Portanto, conhecer e respeitar a vida útil dos equipamentos é essencial para garantir a confiabilidade, segurança e continuidade da geração de energia solar. Investir em componentes de boa qualidade, realizar manutenções regulares e planejar substituições estratégicas são atitudes que asseguram um melhor retorno financeiro e energético ao longo do tempo.
POLUIÇÃO
A poluição atmosférica é um fator ambiental que pode afetar significativamente a geração de energia solar. Seja na forma de partículas em suspensão, fumaça, poeira ou gases industriais, a poluição interfere na quantidade e na qualidade da luz solar que atinge os módulos fotovoltaicos.
Um dos principais efeitos da poluição é a redução da radiação solar direta. Partículas poluentes suspensas no ar, como dióxido de enxofre, óxidos de nitrogênio e material particulado fino (PM2.5 e PM10), dispersam e absorvem parte da luz solar, diminuindo a intensidade que chega à superfície. Isso leva a uma queda na eficiência dos sistemas solares, especialmente em áreas urbanas densamente poluídas ou próximas a centros industriais.
Além disso, a poluição contribui para o acúmulo de sujeira sobre os painéis solares, um fenômeno conhecido como soiling. Camadas de poeira, fuligem, cinzas e outras impurezas podem se depositar sobre a superfície dos módulos e bloquear a entrada de luz, comprometendo a absorção da radiação solar. Em casos mais graves, essa perda pode chegar a 20% ou mais da produção total, se os painéis não forem limpos com regularidade.
A combinação entre poluição atmosférica e falta de manutenção reduz não apenas a eficiência momentânea do sistema, mas também o retorno financeiro a longo prazo, já que menos energia é gerada e, consequentemente, há menor economia na conta de luz.
Para mitigar esses efeitos, é importante monitorar constantemente o desempenho dos sistemas, realizar limpezas periódicas dos módulos e, se possível, instalar sensores de irradiação e detecção de sujeira. Além disso, projetos em regiões com maior poluição devem considerar esses fatores no dimensionamento e na escolha dos equipamentos.
Em resumo, a poluição é um inimigo silencioso da geração de energia solar.
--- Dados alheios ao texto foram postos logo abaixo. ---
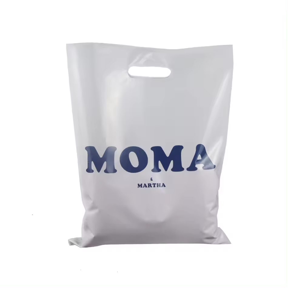 ถุงพลาสติก PE แบบไดคัทสำหรับร้านขายของกระจุกกระจิกและช้อปปิ้งลูกกวาดพร้อมที่จับออกแบบโลโก้ได้ตามต้องการ
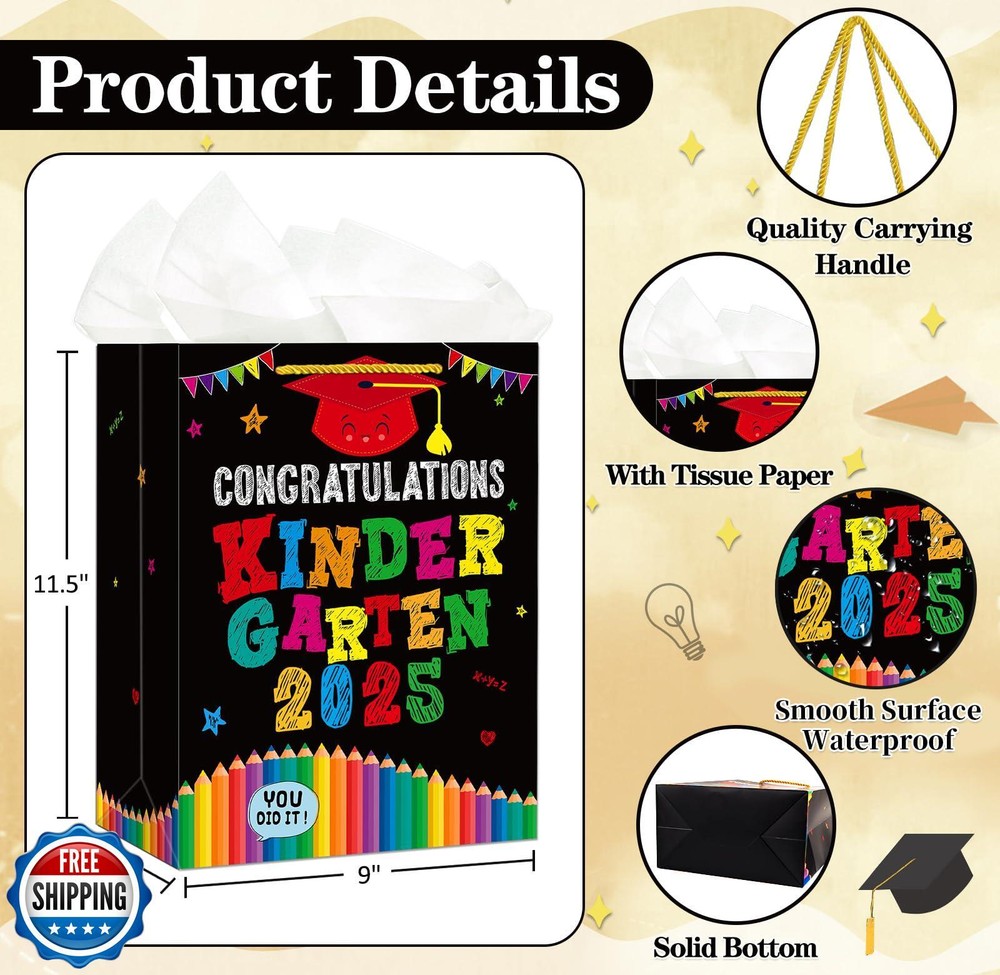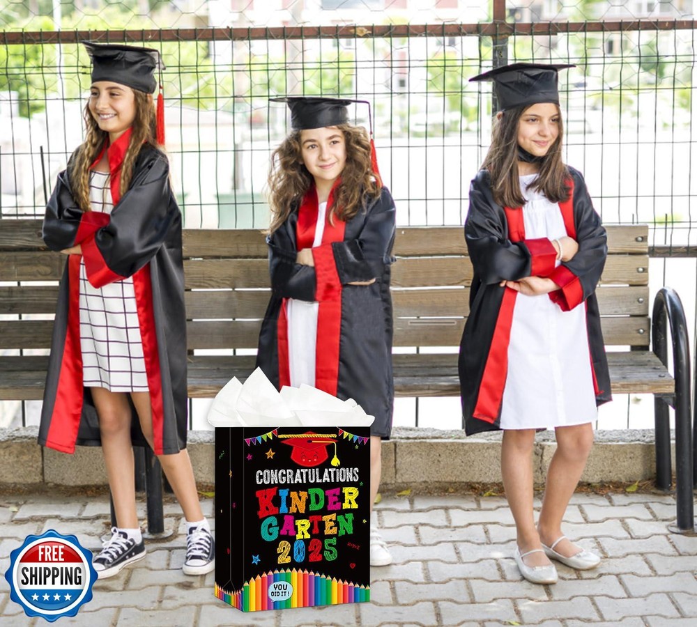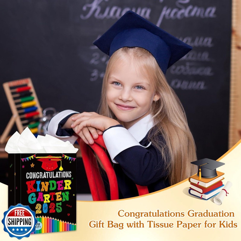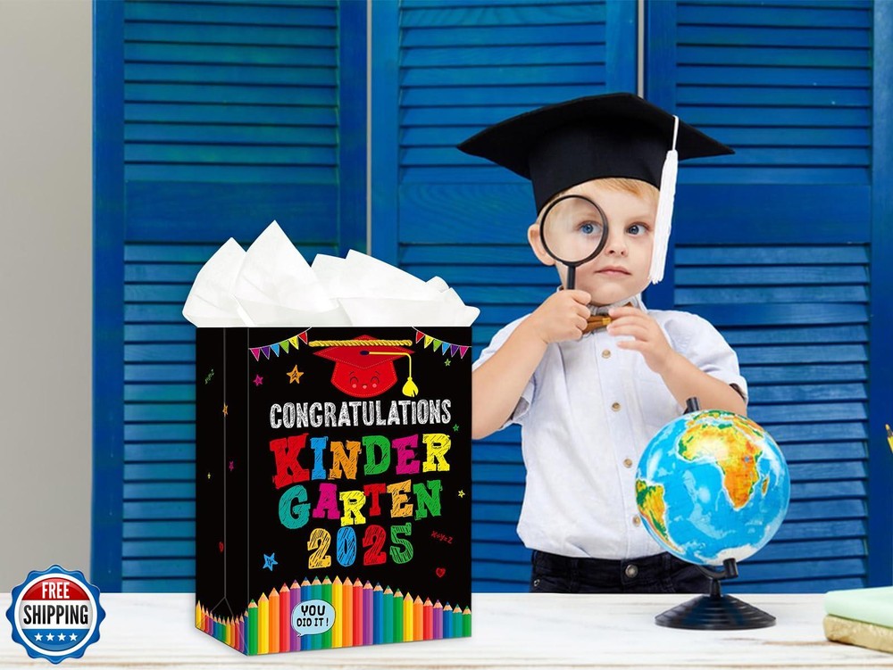 D4DREAM Kindergarten Graduation Gift Bags -11.5'' 2025 Congratulations Preschool Kindergarten Graduation Gift Wrap Bag with Tissue Paper and Handle for Kids Student Boys Girls PreK Grads Party Favors Features Congratulations Grads Gift Bags - Celebrate your little graduate with our colorful kindergarten gift bag! Featuring cute graduation-themed designs like caps, stars, and pencils, this gift bag adds extra joy to the occasion. The print "Congratulations, Kindergarten, 2025, You Did It!" commemorates their achievement. 2025 Kindergarten Graduation Gift Bags - Each package includes a graduation gift bag (11.5 x 9 x 5 inches) and a sheet of white tissue paper, perfect for presenting gifts to kids. The bag features a convenient handle for easy carrying and ample space for your heartfelt presents. Material - The graduation gift paper bag is made from high-quality cardstock, guaranteeing durability and long-lasting use. The vivid printing on the paper bag is fade-resistant, ensuring it can be kept and utilized for an extended time. Perfect Graduation Gift Bags for Kids - Ideal for kindergarteners, preschoolers, or elementary school graduates, this cute graduation gift bag is an essential addition to your child's graduation festivities. Capture cherished memories of this significant milestone with this colorful graduation bag! Graduation Gift Wrap Bags - This 2025 graduation gift bag is versatile and ideal for wrapping a wide range of items such as presents, flowers, candy, chocolates, cookies, candles, standard-sized books, apparel, graduation caps, diplomas, and beyond. It's an excellent choice for kids' graduation gifts! Shipping Free & Fast Shipping: We offer free shipping to most of the USA with a normal delivery time of 3-7 days. However, due to the current situation, additional delivery time (up to 3 weeks) may be required for some items. Alternative Carriers: We may use alternative carriers (e.g., USPS, FedEx, UPS) to ensure your package arrives safely and on time. Due to the use of multiple carriers, we are unable to provide a tracking number automatically. Handling Time: Orders are processed and shipped within 1-2 business days of receiving cleared payment. Shipping Restrictions: Shipping to Alaska, Hawaii, Puerto Rico, Guam, and other US territories may incur shipping charges or delivery restrictions. Please contact us before ordering, or your order can be refunded/cancelled. State Restrictions: Certain items may not be shipped to California due to state regulations. Contact for Tracking Updates: If you require tracking updates or have any concerns about the delivery of your order, please feel free to contact us, and we will be happy to assist you. Return Policy 30-Day Hassle-Free Returns: If you are not completely satisfied with your purchase, you can return the item for free within 30 days of receiving it for a full refund or exchange. Easy Return Process: Contact us, and we will provide you with a prepaid return shipping label and detailed instructions. No Restocking Fee: There are no restocking fees for returns. However, the buyer is responsible for return shipping costs if the return is not due to a seller"s error. Refund Processing: Refunds will be processed within 1 business day of receiving the returned item in its original condition. Feedback Your feedback is extremely important to us. We strive to provide the best products and customer service possible. If you are satisfied with your purchase, please take a moment to leave us a positive review. If you have any concerns or issues with your order, please contact us before leaving negative feedback. We are committed to resolving any problems and ensuring your satisfaction. Contact Us If you have any questions or concerns, please feel free to reach out to our customer support team. You can contact us through the eBay messaging system. We are available Monday to Friday, 9:00 am to 5:00 pm EST, and we will do our best to respond to your inquiry within 24 hours. Thank you for supporting our small family business!

Apesar de não impedir o funcionamento dos sistemas, ela reduz sua eficiência e aumenta a necessidade de manutenção, reforçando a importância de um bom planejamento e acompanhamento contínuo do desempenho das instalações fotovoltaicas.
HSP
No nosso planeta, existem locais que a irradiação solar é muito mais intensa do que em outros, onde ela varia no decorrer no dia e durante as estações do ano, isso traz a necessidade de uma unidade de medida específica que possa mensurar o quão intensa é a irradiação naquele local durante um período de tempo; sendo assim, a unidade HSP (Horas de Sol Pico) foi criada. Esta unidade de medida nos informa a média de horas em que o sol PODERÁ ser encontrado com a irradiância máxima.
O HSP pode ser obtido através de algumas organizações que são especializadas em descobrir esse tipo de dado. Assim com os valores em mãos, podemos determinar a intensidade da irradiação solar no local em que o sistema fotovoltaico será instalado.
Assim podemos perceber que estes são dados pré-estabelecidos, onde não há variáveis que podem ser controlados pelo ser humano, tornando o sistema fotovoltaico dependente dele.